Decipher_GWBASIC proc near
mov cx, 0D0Bh
mov di,si
mov bh,0
cld
@@LoopDecipher:
cmp si,dx
jz short @@EndOfFile
; Decipher one byte...
mov bl,ch
lodsb
sub al,cl
xor al, [bx + offset Key1 - 1]
mov bl,cl
xor al, [bx + offset Key2 - 1]
add al,ch
stosb
; Next byte...
dec cl
jnz short @@NotZ1
mov cl,0Bh
@@NotZ1:
dec ch
jnz @@LoopDecipher
mov ch,0Dh
jmp @@LoopDecipher
@@EndOfFile:
ret
Decipher_GWBASIC endp
Key1 db 9Ah, 0F7h, 19h, 83h, 24h, 63h, 43h, 83h, 75h, 0CDh, 8Dh, 84h, 0A9h
Key2 db 7Ch, 88h, 59h, 74h, 0E0h, 97h, 26h, 77h, 0C4h, 1Dh, 1Eh
This procedure is 45 bytes long. The actual code from Microsoft is 50% longer, but performs exactly the same operation. This deciphering computation has to begin with the second byte of the file. The very first byte has to be changed from FEh (signature of a protected file) to FFh (signature of an unprotected tokenized file). The last significant byte of the file will be set to 1Ah, but early versions of BASIC seems to leave some junk bytes as slack space at the end of the file.
The main deciphering computation apply XOR between the file and two keys embedded in GWBASIC.EXE. As these keys are 13 and 11 bytes long, this is equivalent to a key repeated every 13 * 11 = 143 bytes. This is equivalent to a polyalphabetic substitution cipher.
Using a constant key embedded in the program violates Kerckhoffs's principle, so in fact this is more a source code obfuscation than a true strong cipher.
Knowing this deciphering algorithm, it is easy to write a program to unprotect the files.
Analysis of the Source Code of the GW-BASIC Interpreter
In may 2020, Microsoft released the GW-BASIC Interpreter Source Code as read-only open source software under MIT License. The released version reflects the state of the GW-BASIC interpreter source code as it was in 1983, and is labelled "(C) Copyright Microsoft 1982". Michal Necasek attempted to figure out the exact date of this code and guessed it would be roughly from mid-1983.The file GWMAIN.ASM contains this notice:
Code:
--------- ---- -- ---- ----- --- ---- -----
COPYRIGHT 1975 BY BILL GATES AND PAUL ALLEN
--------- ---- -- ---- ----- --- ---- -----
ORIGINALLY WRITTEN ON THE PDP-10 FROM
FEBRUARY 9 TO APRIL 9 1975
BILL GATES WROTE A LOT OF STUFF.
PAUL ALLEN WROTE A LOT OF OTHER STUFF AND FAST CODE.
MONTE DAVIDOFF WROTE THE MATH PACKAGE (F4I.MAC).
GW-BASIC source code consists of 40 files of 8086 assembly language.
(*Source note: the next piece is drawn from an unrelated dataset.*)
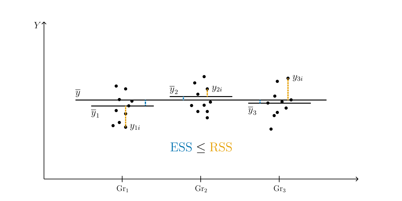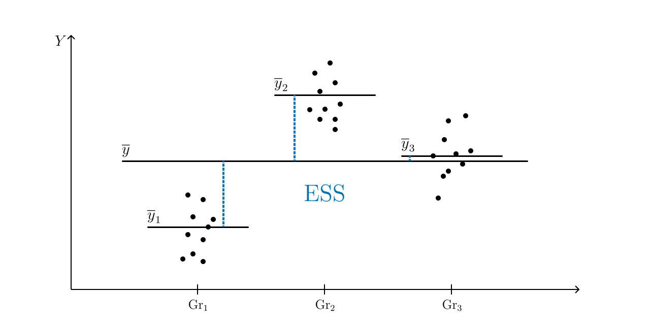 \[ \text{ESS} = \sum_{j=1}^p n_j \cdot (\overline y - \overline y_j)^2, \quad \text{df}_\text{ESS} = p-1 \]

Each source files contains a header stating "This translation created 10-Feb-83 by Version 4.3", as Microsoft generated the 8086 assembly language code from the sources of a master implementation. Comments left in the files are refering to LXI instruction or "[B,C]", "[D,E]" and "[H,L]" registers, therefore suggesting that the master could be 8080/8085 source code.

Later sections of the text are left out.